I like #5 a lot, it's straightforward and simple and to the point.

With that in mind, the dark blue theme looks better than the light blue theme... so yeah, you're probably wrong about the light blue being better.  :Smilie:

----------


## chris128

by #5 you mean the import data screen yeah (with the grid view on it)?

As for too many reflections, I only have 3!  :Frown:  You think I should remove the reflection from the Dashboard title bit and just leave it on the 2 panels?

----------


## mendhak

Yeah, the Import Data screen.

It is, in the end, your application, but when I look at it, the reflections that stand out don't server any purpose to me.  I suppose the ones with subtle reflections are better.  It is, after all, some sort of a data processing app, rather than a graphics-oriented app.   I don't do reflections, so I don't know how it's done, but is there a way to reduce them?  Try that out, play with it, post more screenshots.

And I'm also waiting to hear from DeanMc, who as you say, is vehemently against certain aspects of your layout.

----------


## chris128

haha well we will see what Dean thinks of the new colours :P

Yeah you can alter pretty much any aspect of the reflections so I can certainly play about with them. 
When you say it is a data processing app and not graphics oriented, I suppose I should explain exactly what this app is for. As the name may imply, it is for generating reports from Microsoft's email system "Exchange Server". There has to be the Import Data section to actually get the data that the reports will be generated from, but that is the only 'data processing' like part really. The rest of it will be based around generating pretty reports so it is kind of graphics oriented  :Smilie:

----------


## DeanMc

Eh hem... Ok so first off I agree with Mendhak, Dark Blue much better but the blue bottom and white top is to much of a contrast. Second I probably wouldn't have the reflection as noticeable either. It needs to be noticeable but in a very subtle way. and third, as I have said over and over, get it to work first and then pretty it up  :Smilie:

----------


## chris128

haha nooo it has to be pretty while I'm making it  :Wink: 
Well either way, I am still going to have the same problem when its finished and I come to do the UI parts so any suggestions now will be handy even if I do decide to leave the UI til the end.
What colour can I use instead of the dark blue then if you think the blue/white is too much of a contrast? I dont want to use gray  :Frown:

----------


## DeanMc

keep the dark blue but use it in that same way you used the color in the import data screen it looks less gearish.

----------


## chris128

Alreet I'll give that a go and see how it looks  :Smilie:

----------


## vbNeo

In my experience, a linear gradient going from 255*3 white to color x is never a good idea - unless you're going for some sort of shade with a low opacity.

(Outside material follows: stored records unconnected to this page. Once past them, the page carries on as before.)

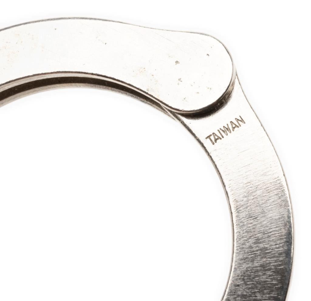 Lot 13 Pair of nickel plated handcuffs with 2 keys marked “Taiwan” in maroon colo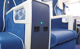 座席には格子柄が施され、朱色やグレーの色彩豊かで明るい空間が演出された普通車。新幹線の普通車では初めて、全ての座席に電源コンセントが設置されています。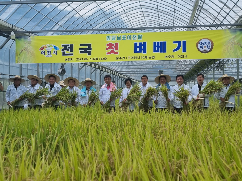 호법농협이 주최하고 임금님표이천쌀의 본고장 이천시가 주관한 첫 벼베기 행사는 지난 2월15일 990㎡규모의 연동하우스에 심어진 국내육성품종인 '해들'이다.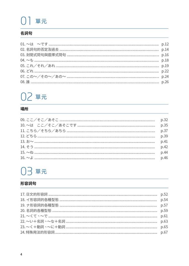 本書適合已熟悉日語平假名、片假名,且稍微學習過日語入門前幾堂課程的讀者閱讀。編排上,是依照難易度,由淺入深。各文法項目的例句,盡可能使用前面章節已學習過的文法,但對話及閱讀的部分會預先使用下一單元或者下兩單元即將學習的文法,事先預習。這些使用到後面才會出現的文法時,也會於例句後方加上參照註明。

White will almost always be pretty hard on the eyes, especially if seen next to a darker colour.

If you really want to use a blue gradient for the background I'd suggest going from a lightblue to a darker one(but not as dark as what you have there). You might also consider just having a solid color background(Light blue, light gray) and spruce the application up in some other way - maybe a gradient panel in the top to serve as a container for the headline.

I really like the idea of a rotating panel with a reflection you have on the last image. It gives you the opportunity to make an otherwise very small UI element large and very "click friendly"(think Mac :Wink: ) without it being awkard - although I do agree with the others that you shouldn't be putting reflections on everything  :Smilie: .

My two cents, it may seem like a mess, but it's the end of the day and I've just had my sixth cup of coffee, so I really can't be held responsible for my actions.

----------


## vbNeo

Also - the icons should be much more clear and colorful, it looks like they're being rendered at low opacity.

----------


## chris128

> Also - the icons should be much more clear and colorful, it looks like they're being rendered at low opacity.


Yeah the icons are just there as a temporary placeholder until I get some better ones  :Wink: 

Thanks for your comments though, I think what you said about just having a gradient in the header/title section might be a good idea so I will try that

----------


## chris128

What do we think?








yay or nay?

----------


## DeanMc

Getting better, remove the blue gradient from pic 1 though!

----------


## chris128

but, but . . . I like it  :Frown:

----------


## mendhak

Looking better. Remove the blue gradient from pic 1 though!  :Alien Frog:

----------


## chris128

Damn you two ganging up on me..
So just have the first screen completely white you mean? That looks pap!

----------


## mendhak

The key being simplicity.  Try it out and compare them.  See which one you like.  If you like the blue gradient bit more then keep it!  At least try it out first.

----------


## vbNeo

Keep the blue gradient! (Don't listen to them damn kids, thinking they're gang bangers and what not  :Wink: . I have to agree though, it doesn't look that good, but the window shouldn't be all white either. Make it a bit smaller and try adding an icon or something to spruce it up... Maybe use the gradient you're using at the top of the other windows.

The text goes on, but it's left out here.